The researchers were able to make the discovery of the fragile remains because instead of digging, they use terrestrial laser scans, ground-penetrating radar data, and georectifications. Georectification is a process of looking at maps and referencing them to a spatial grid.
In essence, they compared what they found with their technology to what was on old maps. This nondestructive research method revealed the remnants of a buried 19th century hidden traverse beneath Alcatraz's recreation yard.
De Smet said the hidden military structures were in surprisingly good condition. "We also learned that some of the earthwork traverses were covered over with thin concrete layers through time, likely to decrease erosion on the rainy windy island. It was wonderful to find the history just beneath our feet that we can visualize for the public.”

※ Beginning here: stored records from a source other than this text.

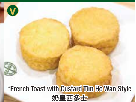
*French Toast with Custard Tim Ho Wan Style 奶皇西多士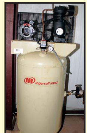
INGERSOLL RAND RECIPROCATING AIR COMPRESSOR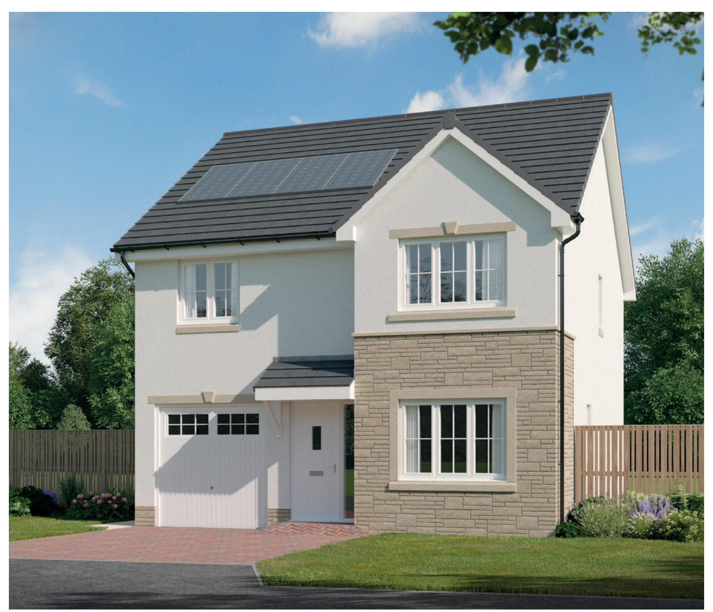
Please \ note \ Photo \ Voltaic \ (solar) \ panels \ shown \ above \ are \ indicative \ only. \ The \ location \ and \ number \ of \ panels \ are \ dependent \ on \ plot \ orientation. \ Please \ see \ Sales \ Advisor \ for \ details \ details \ dependent \ on \ plot \ orientation.

Bellway Homes Limited (Scotland) Bothwell House, Hamilton Business Park Caird Street, Hamilton ML3 0QA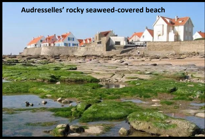
Audresselles' rocky seaweed-covered beach

As we all know, we are very fortunate to have so many interesting local and natural history associations in our region; on top of all the cultural and artistic events that go on throughout the year.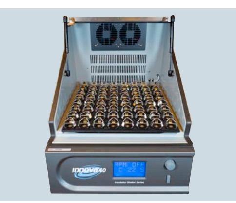
Maximum capacity: Various dedicated platforms come complete with clamps of one size pre-installed. They hold a greater number of clamps than the universal platforms, but do not offer the versatility to mix different vessel formats.

Flexibility for various vessel formats: Universal platforms are the versatile solution that lets you mix and match virtually any combination of Eppendorf shaker accessories—different sized clamps, test tube racks, microplate racks, etc. A sticky pad platform is available for low-speed shaking (200 – 250 rpm, depending on orbit) of flat bottom vessels.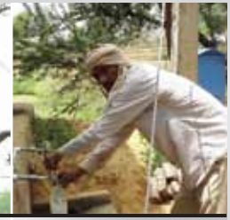
HYGIENE & SANITATION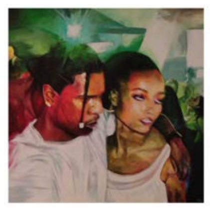
«Sundress» by Joséphine Caron that won 1st prize of the U-Art festival 2024

Carnot Campus: Building L - Level -1 Alpes Europe Campus: Student space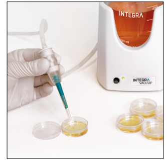
Removal of culture media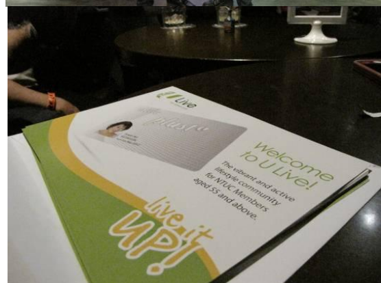
Launch held on 16 August 2013 at Scarlet City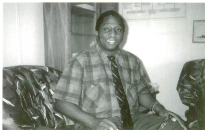
Dr. Dhaklama, Deputy Minister of Health, Zimbabwe, sartorially resplendent wearing the CNS tie.

This effort is aimed at enhancing neurosurgical capabilities at the University of Zimbabwe, building on the four decades of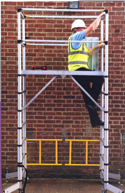
Large climb-through platform hatch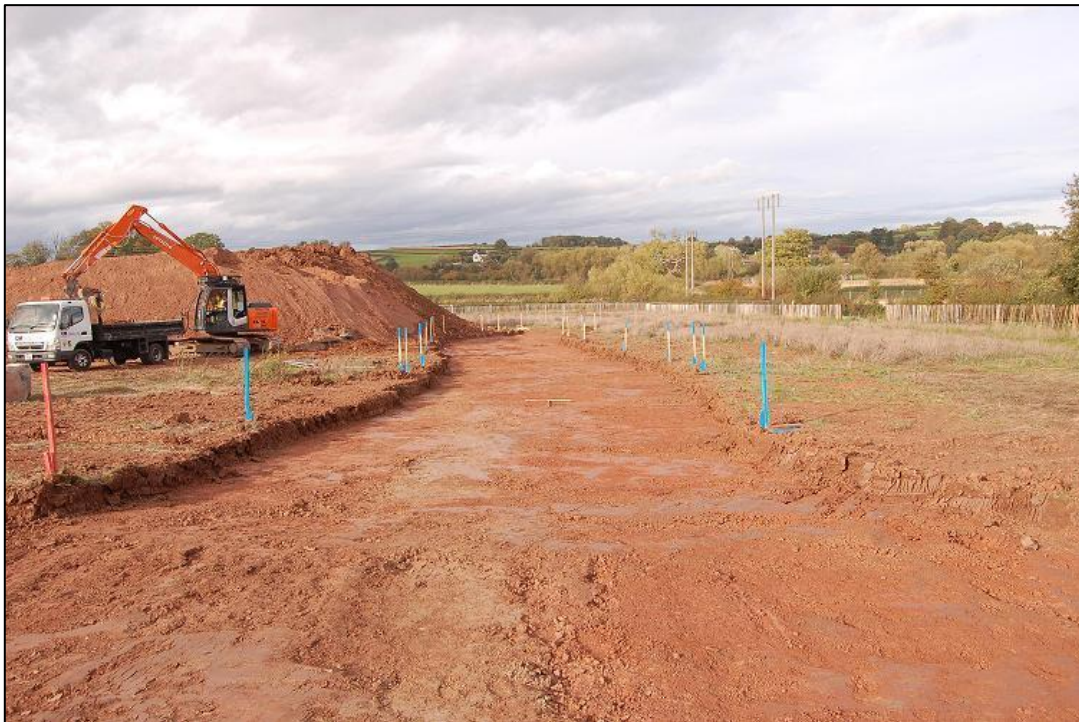
Plate 10, Soil strip to east in advance of excavation of house foundations, looking north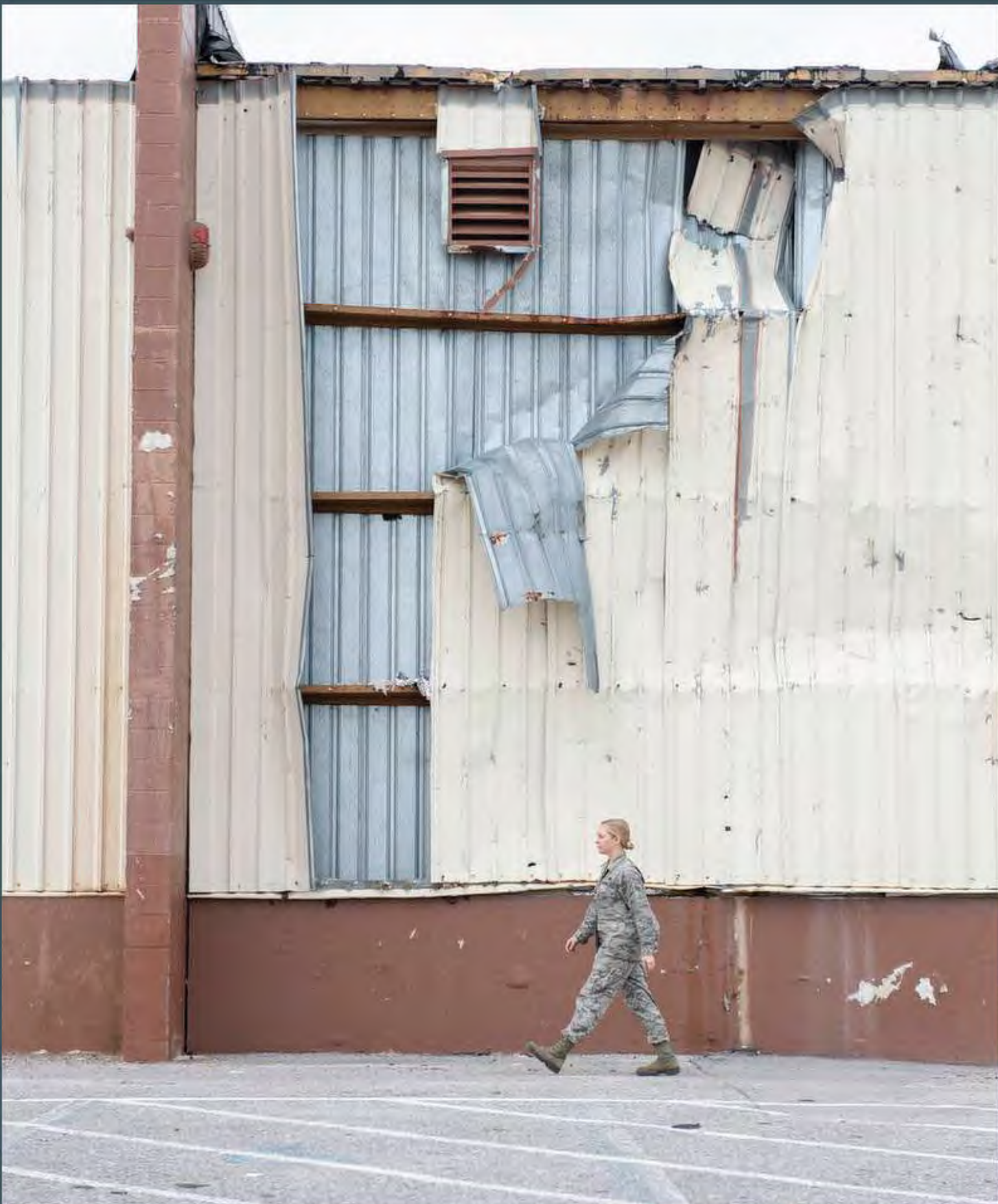
An Airman walks past the 325th Logistics Readiness Squadron materiel management flight warehouse at Tyndall Air Force Base, Florida, which was damaged by Hurricane Michael, March 13, 2019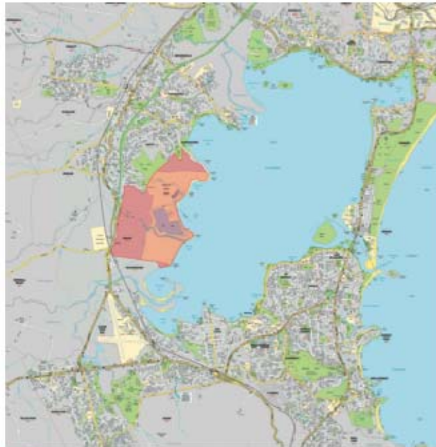
Figure 1 – Site context

The site is significant from both a local and regional perspective due to its location and considerable land holding in single ownership close to infrastructure facilities on the foreshores of Lake Illawarra.

Alcatraz’s military role as a 19th century coastal fortification is often overlooked but it is an important one.
“During the construction of the now-infamous Alcatraz prison in the early 1900s, there was only one regulation and protection of cultural heritage in the US: the American Antiquities Act of 1906. And even so, Alcatraz would not have been considered under it, as it was so young and seemingly insignificant,” said de Smet.
“As such, the area was essentially bulldozed from the former military installation to the modern prison we see today. In converting the area to a prison, the vast majority of the previous military history of the island had been erased, but we wondered if perhaps something of that significant time in both the islands and American history remained, but buried and preserved beneath the subsurface."
Using this novel noninvasive process allowed the researchers to find accurate spatial identification of these architectural structures depicted in historical documents without damaging them. Now, de Smet is arguing the technology can be used to safely study other important cultural and historic landmarks.
“With modern remote sensing methods like these, we can answer fundamental archaeological research questions about human behavior, social organization and cultural change through time without costly and destructive excavation, thereby preserving these non-renewable archaeological resources in the ground - or in situ as we say in the field - for future generations,” he said.